Сколько его ни уговаривали, он тогда и минуты не мог спокойно пролежать в постели: что-то выкрикивал, размахивал руками. Успокаивался, лишь если она с помощью санитара переволакивала его в каталку и начинала быстро-быстро возить по комнате. Наверное, думал, что поход начался и он, хоть на шаг, на колесо ближе к Иерусалиму. Перед смертью же, записала Крупская, у него изменилось выражение лица: смотрел, не узнавая, точно слепой. Казалось, провидел другой, лучший мир, и тот, который он готовился оставить, больше Ленина не интересовал.
На панихиде, закончил урок Ищенко, говорилось многое и многими. Но я бы выделил слова Л. Б. Каменева, с которым, как и с другими цекистами, Ильич давно уже не поддерживал отношений. «Ленин, – сказал он, стоя над гробом, – никогда себя не жалел, свой мозг и свою кровь он разбросал с неслыханной щедростью, не обделив и последнего бедняка. Скоро их капли – мы это знаем, – как семена, проклюнутся в пролетарских душах и бесчисленными полками пойдут в рост по всему миру».
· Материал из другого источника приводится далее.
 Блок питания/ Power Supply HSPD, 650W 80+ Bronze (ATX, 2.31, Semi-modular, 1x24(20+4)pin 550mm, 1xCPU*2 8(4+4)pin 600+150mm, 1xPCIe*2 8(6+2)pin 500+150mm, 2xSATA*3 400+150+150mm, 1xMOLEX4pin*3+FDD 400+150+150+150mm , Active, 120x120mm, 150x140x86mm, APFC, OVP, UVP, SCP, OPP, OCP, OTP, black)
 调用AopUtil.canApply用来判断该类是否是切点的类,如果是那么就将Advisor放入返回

На уроке, который Ищенко дал 9 ноября, я совершенно неожиданно услышал о Перегудове и энцах, которыми сам занимался почти тридцать лет. Ту часть их истории, которая так или иначе касалась Ленина и Троцкого, он изложил внятно, а о прочем, по-видимому, знал немного. Во всяком случае, в классе он сказал лишь, что в шестидесятые годы XIX века энцев, кочевавших со своими оленями в низовьях Лены, крестил в православие некий Евлампий Перегудов, которого с тех пор они чтили едва ли не наравне с Христом. Что этот Перегудов позже принял почти четыре десятка революционеров, бежавших из сибирских тюрем и с каторги.
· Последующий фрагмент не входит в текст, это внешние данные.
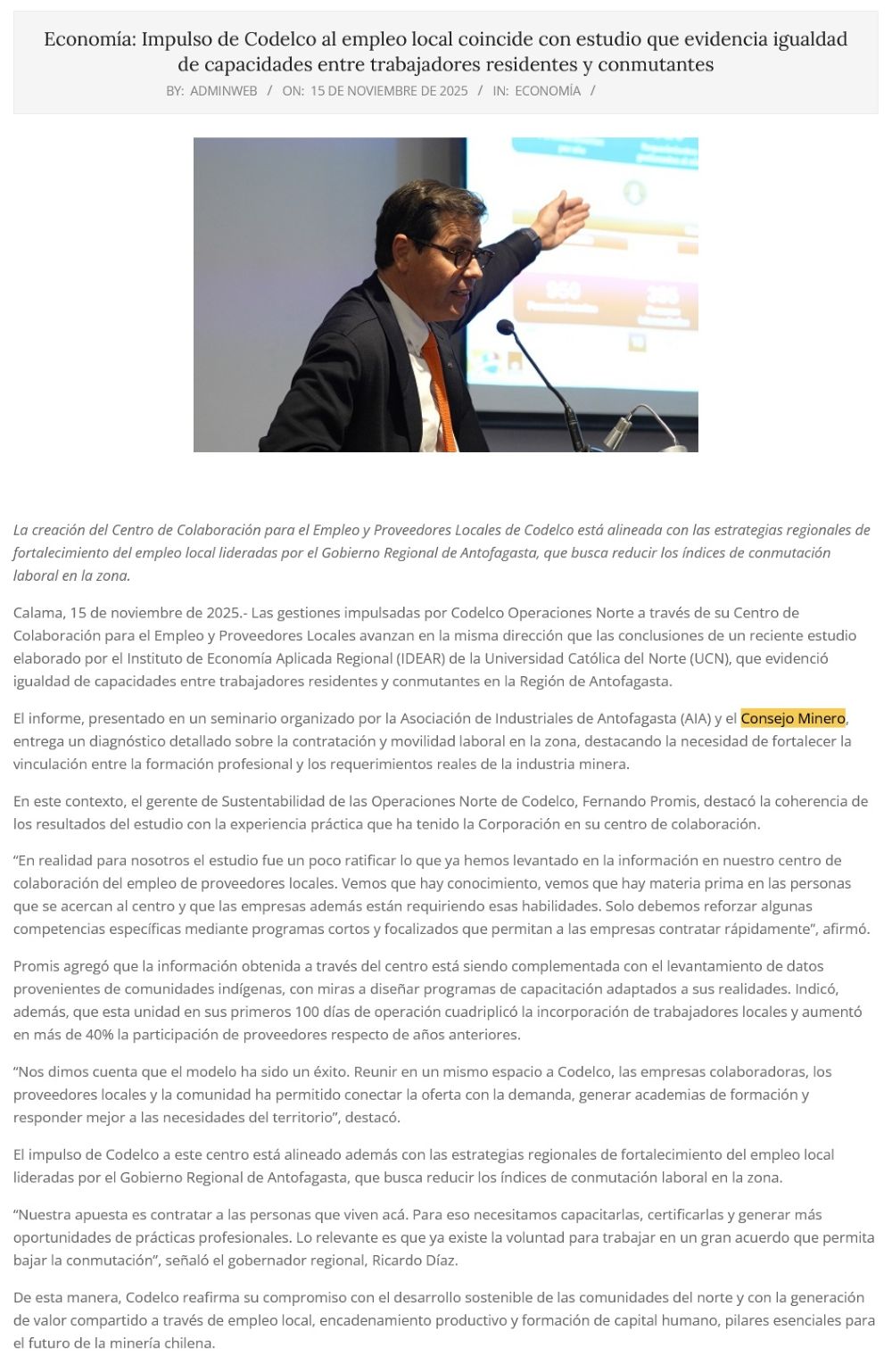 Impulso de Codelco al empleo local coincide con estudio que evidencia igualdad de capacidades entre trabajadores residentes y conmutantes - (radioallen.cl)

Впрочем, дельта Лены – нечто вроде капкана, попасть сюда можно, а выбраться и сейчас мало кому удается. Те, кого пригрел и обиходил Перегудов, понимали это довольно быстро и через три-четыре месяца из его рук с радостью принимали в жены одну из энок. Кстати, невесты по большей части были ладные и недурны собой. Среди окрестных племен энцы славились своими женщинами. К семнадцатому году число потомков от смешанных браков – детей и внуков народников (землевольцы, чернопередельцы, эсеры), социалистов (меньшевики, большевики, эсдеки) и разного толка анархистов – превысило три сотни душ.
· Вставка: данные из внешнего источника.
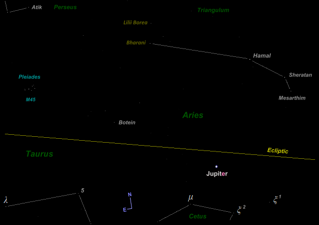Wasat around mid-January. Now in the evening sky, Jupiter continues its Westward motion and reaches its Western stationary point in mid-March, positioned several

Плодясь в мире, тиши и довольстве, племя под руководством Перегудова прожило больше пятидесяти лет, но к семнадцатому году, как и в остальной России, благолепие у них кончилось. Его, словно устав от покоя, разрушил сам энцский пророк, вдруг объявивший народу, что он великий грешник, чуть ли не исчадие ада. Дальше история единого народа распадается. В частности, в двадцатом году, несмотря на категорический запрет уже покойного учителя, около сотни энцев отправляются через Россию в Святую землю, чтобы там, где родилась их новая вера, обратиться к Всевышнему и отмолить своего учителя.
Незадолго перед мартовским инсультом охрана Ленина была удвоена. Через осведомителей в ЧК попала информация, что белые – как, кто, где, когда – не ясно – готовят на Ильича покушение. Охраняли Ленина почти сплошь латыши, он был ими очень доволен, но Дзержинскому стало известно, что между собой они всё чаще говорят об отпуске. О том, что хорошо бы на недельку-другую съездить в родные края, в Латгалию. Ничего плохого в этих разговорах не было, однако Дзержинский решил подстраховаться, немного латышей разбавить. Тем паче, что кем, он теперь знал. Дальнейшее уже напрямую касается Перегудова.
Дело в том, что пятью месяцами ранее до Москвы с низовий Лены добралась дюжина детей и внуков политкаторжан, по большей части еще первых землевольцев. Встретили энцев тепло: одели, накормили, подлечили и стали думать, что с ними делать. От старого революционного братства давно уже ничего не осталось, а тут, чтобы их обиходить, выстроилась целая очередь. Даже то, что родители троих были еще живы и находились по другую сторону баррикад, никого не смутило.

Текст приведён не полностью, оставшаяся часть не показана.